Oakland California Towel Co. v. ZanesAnnotate this Case
OAKLAND CALIFORNIA TOWEL COMPANY, INC. (a Corporation), Respondent, v. GEORGE ZANES, Appellant.
John F. O'Sullivan for Appellant.
Ernest J. Livengood for Respondent.
NOURSE, P. J.
Plaintiff sued for breach of contract arising from defendant's failure to return linen supplied to defendant under a written contract. Claim was also made for attorney's fees chargeable to defendant under the express terms of the contract. Judgment went to plaintiff for $2,018.01, and attorney's fees assessed at $225.
 The appeal presents the single issue whether the tags prepared by plaintiff showing the delivery and return of linen supplied by plaintiff were admissible in evidence, or more specifically whether, on the evidence depicting the method of preparation, the use and acceptance of the records throughout the business transactions of the parties, the trial court committed error in receiving them in evidence. These tags, which were admitted over the objection of defendant, show the exact number of the several pieces of linen supplied to defendant daily and the exact number returned. The shortage was estimated on the agreed value of the pieces not returned.
Plaintiff was engaged in the business of supplying laundered towels, sheets and similar articles to hotels, rooming houses and restaurants. Defendant was engaged in the business of operating a restaurant and rooming houses. Under the terms of three written contracts plaintiff supplied the clean linen to defendant and on each delivery took back the soiled linen. The practice over the period of three years of the life of the contracts was this: tags, or tickets, were prepared in quadruplicate in plaintiff's office; these itemized the several pieces of clean linen to be delivered to the customer and the pieces of soiled linen returned by him. Each delivery tag was double checked by plaintiff and a pink carbon copy was given to the driver who exhibited it to the customer on delivery of the linen. Sometimes this tag was signed by the customer, but when no one was present to sign, the copy was returned by the driver to plaintiff's files; a rose-colored carbon copy of the original tag was left with the customer on each delivery of clean linen. The written contracts contained a provision reading: "Lessor's delivery tags shall be deemed correct as to the number of articles delivered unless objection in writing is made by Lessee within ten days after delivery of [81 Cal. App. 2d 345] articles." There was no evidence that any such objection was made by defendant. The compilation of these receipts or tags disclosed the shortages in the amount returned. The value was fixed, and on this there is no controversy.

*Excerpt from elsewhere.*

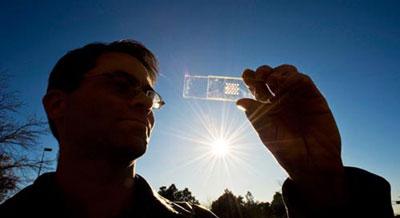 資料圖片:美科學家開發(fā)新型光伏電池。光伏電池可以把太陽的光能直接轉(zhuǎn)化為電能

The question of law is whether business records kept in this manner, the use of which was accepted by both parties over a period of years are admissible in evidence under sections 1953e-1953h of the Code of Civil Procedure. This act became effective in 1941, and is interpreted in Loper v. Morrison, 23 Cal. 2d 600 [145 P.2d 1], where (p. 608) the court said:
"The purpose of this act is to enlarge the operation of the business records exception to the hearsay evidence rule. The common law exception is based on the assumption that records kept in the general course of business usually are accurate, and may be used, in case of necessity, as evidence of the matter recorded." In accord are: Doyle v. Chief Oil Co., 64 Cal. App. 2d 284, 292 [148 P.2d 915]; Brown v. County of Los Angeles, 77 Cal. App. 2d 814, 817 [176 P.2d 753].
Appellant ignores these authorities and relies to some extent on cases decided before the code amendment and upon Tabata v. Murane, 76 Cal. App. 2d 887 [174 P.2d 684]. That case involved the question of the admissibility of similar evidence to prove a book account. But this case is not a suit on a book account and the cited case has no bearing.

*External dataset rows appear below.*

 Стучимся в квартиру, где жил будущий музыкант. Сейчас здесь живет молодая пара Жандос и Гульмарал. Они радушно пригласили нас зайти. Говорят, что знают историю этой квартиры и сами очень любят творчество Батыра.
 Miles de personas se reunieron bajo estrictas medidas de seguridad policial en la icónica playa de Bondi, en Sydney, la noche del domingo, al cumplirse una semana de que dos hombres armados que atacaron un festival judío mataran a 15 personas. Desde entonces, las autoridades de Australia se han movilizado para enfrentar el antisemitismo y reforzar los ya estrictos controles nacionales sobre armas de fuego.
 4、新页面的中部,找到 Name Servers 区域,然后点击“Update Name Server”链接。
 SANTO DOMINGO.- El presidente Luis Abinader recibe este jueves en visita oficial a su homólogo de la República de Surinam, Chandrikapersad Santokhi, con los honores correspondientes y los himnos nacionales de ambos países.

 It is also argued that the tags or tickets were not properly identified as complete or correct statements of the respective deliveries. This, of course, was a question for the trial court to resolve from the evidence given by the office force which prepared and kept the records. We find no evidence which would call for a rejection of the ruling admitting the records, from which ruling it must be assumed that the trial court held the foundation satisfactory. (Egan v. Bishop, 8 Cal. App. 2d 119, 123 [47 P.2d 500]; Ducat v. Goldner, 77 Cal. App. 2d 332, 337 [175 P.2d 914].)
Goodell, J., and Dooling, J., concurred.